I want to use an ICU system-insensitive sorting collation, to avoid sorting differences between postgres11-on-mac vs postgres11-on-Ubuntu. My first test was to dump out my existing Collate=en_US.UTF-8
and pg_restore them into a db created with Collate=en-US-x-icu
Create Database doc has this to say:
To create a database music with a different locale:
CREATE DATABASE music LC_COLLATE 'sv_SE.utf8' LC_CTYPE 'sv_SE.utf8' TEMPLATE template0;
select collname, collprovider from pg_collation where collname like 'en_US%';
collname | collprovider
------------------------+--------------
en_US.UTF-8 | c
en_US | c
en_US.ISO8859-15 | c
en_US.ISO8859-1 | c
en_US | c
en_US | c
en-US-x-icu | i 👈
en-US-u-va-posix-x-icu | i 👈
(8 rows)
But no luck when creating a database with either icu locales.

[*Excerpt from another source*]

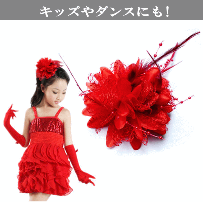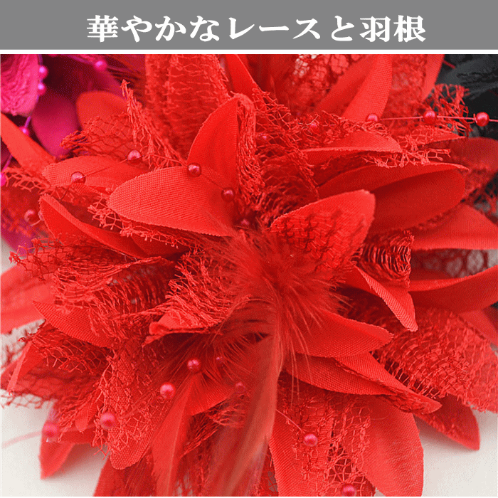 コサージュ 羽根 フェザー レース ヘッドドレス ヘアアクセサリー 髪飾り ヘアクリップ ゴム フラワーチュール パーティードレス ダンス衣装にぴったり 花 ダリア 牡丹 フラ カメリア

CREATE DATABASE test LC_COLLATE = 'en-US-x-icu' TEMPLATE template0;
ksysdb=# CREATE DATABASE test LC_COLLATE = 'en-US-x-icu' TEMPLATE template0;
ERROR: invalid locale name: "en-US-x-icu"
LC_COLLATE
with other locales:The LC_COLLATE
clause does seem to come with some strings attached, such as watching your encoding and specifying an appropriate template. But it seems to give error hints w non-ICU locales.

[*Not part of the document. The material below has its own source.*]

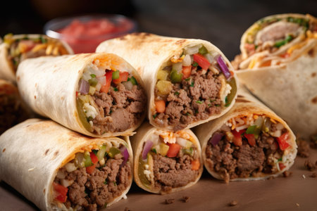 full of burritos with vegetables and meat on a wooden table with blurred background

This works, for example: CREATE DATABASE test LC_COLLATE = 'en_US' TEMPLATE template0;
and this one gives a helpful user message:
ksysdb=# CREATE DATABASE test LC_COLLATE = 'en_US.ISO8859-15' TEMPLATE template0;
ERROR: encoding "UTF8" does not match locale "en_US.ISO8859-15"
DETAIL: The chosen LC_COLLATE setting requires encoding "LATIN9".
Note: a related question, PostgreSQL 10 on Linux - LC_COLLATE locale en_US.utf-8 not valid, doesn't seem all that relevant, as the answer talks about generating an OS-level locale to fix the issue. While the ICU locales, as far as I understand, are expressly intended to be separated from the underlying OS.
This is possible from PostgreSQL v15 on:
CREATE DATABASE test
LOCALE_PROVIDER icu
ICU_LOCALE "en-US"
LOCALE "en_US.utf8"
TEMPLATE template0;
You still need to provide the libc locale, but the ICU library is used for collations.